Task prompt. Please write out the lines of the data exactly, beginning with the first and ending with the line containing "gnistrande metalliska sjalar"; leave the pictures behind.

Stored data entries:

..........

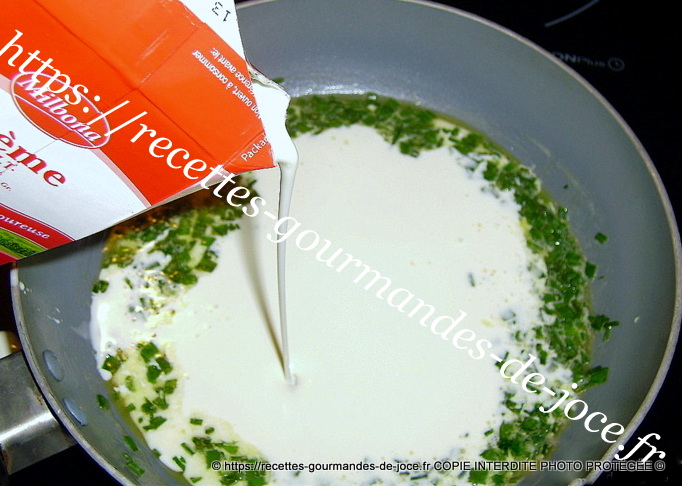 Mettre le beurre à fondre dans une poêle. Ajouter les ¾ de la ciboulette (le beurre doit juste être fondu sans coloration). Enrober la ciboulette du beurre et ajouter la crème. Saler et poivrer.
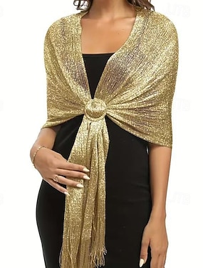 gnistrande metalliska sjalar och omslag med spänne, för aftonklänningar fest bröllop brud brudtärna
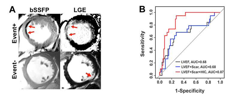 Iron Deposits with Chronic Infarction Territories as a Novel Marker of Arrhythmia Risk. Presence of hypointense core (HIC) within representative chronic infarction territories on bSSFP images (A) and (B) their predictive value for the primary endpoint (occurrence of appropriate ICD therapy, survived cardiac arrest or sudden cardiac death) A: Representative bSSFP and LGE CMR images from two patients receiving ICD therapy; one who met the primary endpoint (Event+) and one who did not meet the primary endpoint (Event-). For the Event+ patient, blue arrows denote the MI region on Late Gadolinium Enhancement (LGE) imaging and the Hypo-Intense Core (HIC) region on bSSFP imaging. In the Event- patient, no HIC were observed by bSSFP within the MI region, indicated by the red arrow on LGE imaging. B: Corresponding ROC curves for LVEF, LVEF+Scar Volume and LVEF+Scar Volume+HIC for the prediction of the primary endpoint. While the addition of Total Scar Volume alone did not improve the predictive accuracy over LVEF, the addition of HIC improved the AUC from 0.69 to 0.87, suggesting additional prognostic value of HIC. http://circimaging.ahajournals.org/content/8/8/e003642.
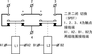 | 觸點(diǎn)形式 | 二組轉(zhuǎn)換(DPDT) |
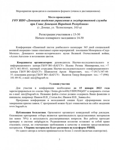 Автономная некоммерческая организация по развитию общественно-культурных инициатив «Центр межкультурного партнерства», «Институт стратегических исследований Республики Башкортостан», ГБОУ ВО «Башкирская академия государственной службы и управления при Главе Республики Башкортостан», ФГБОУ ВО «Башкирский государственный университет» совместно c ГОУ ВПО «Донецкая академия управления и государственной службы при Главе Донецкой Народной Республики» 24 февраля* 2023 года проводят при поддержке Фонда президентских грантов Международную научно-практическую конференцию «Памятный листок донбасского календаря: 365 дней специальной военной операции», посвященную годовщине начала специальной военной операции. В программе запланирована молодежная секция.
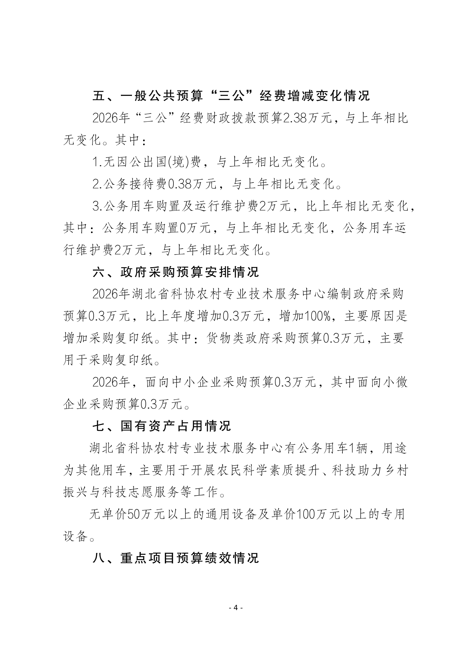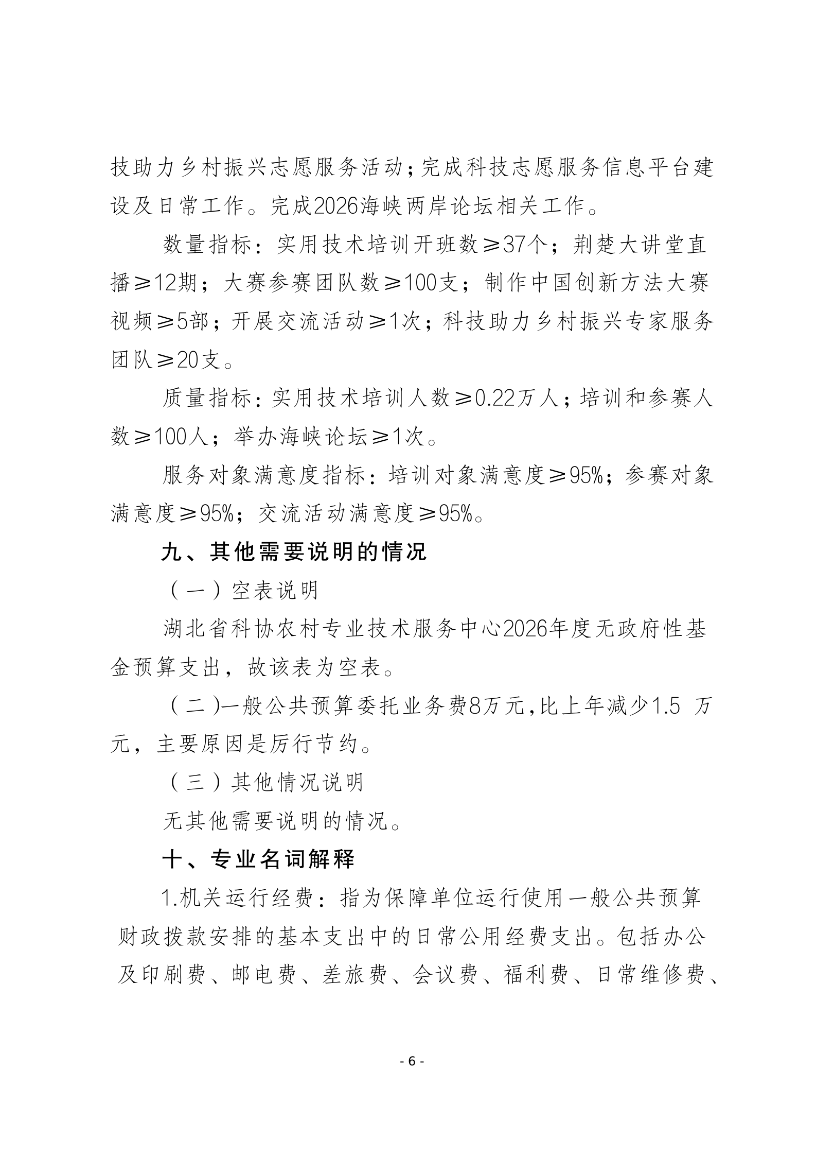 2026年湖北省科协农村专业技术服务中心预算公开情况说明

..........

Response.
 Mettre le beurre à fondre dans une poêle. Ajouter les ¾ de la ciboulette (le beurre doit juste être fondu sans coloration). Enrober la ciboulette du beurre et ajouter la crème. Saler et poivrer.
 gnistrande metalliska sjalar och omslag med spänne, för aftonklänningar fest bröllop brud brudtärna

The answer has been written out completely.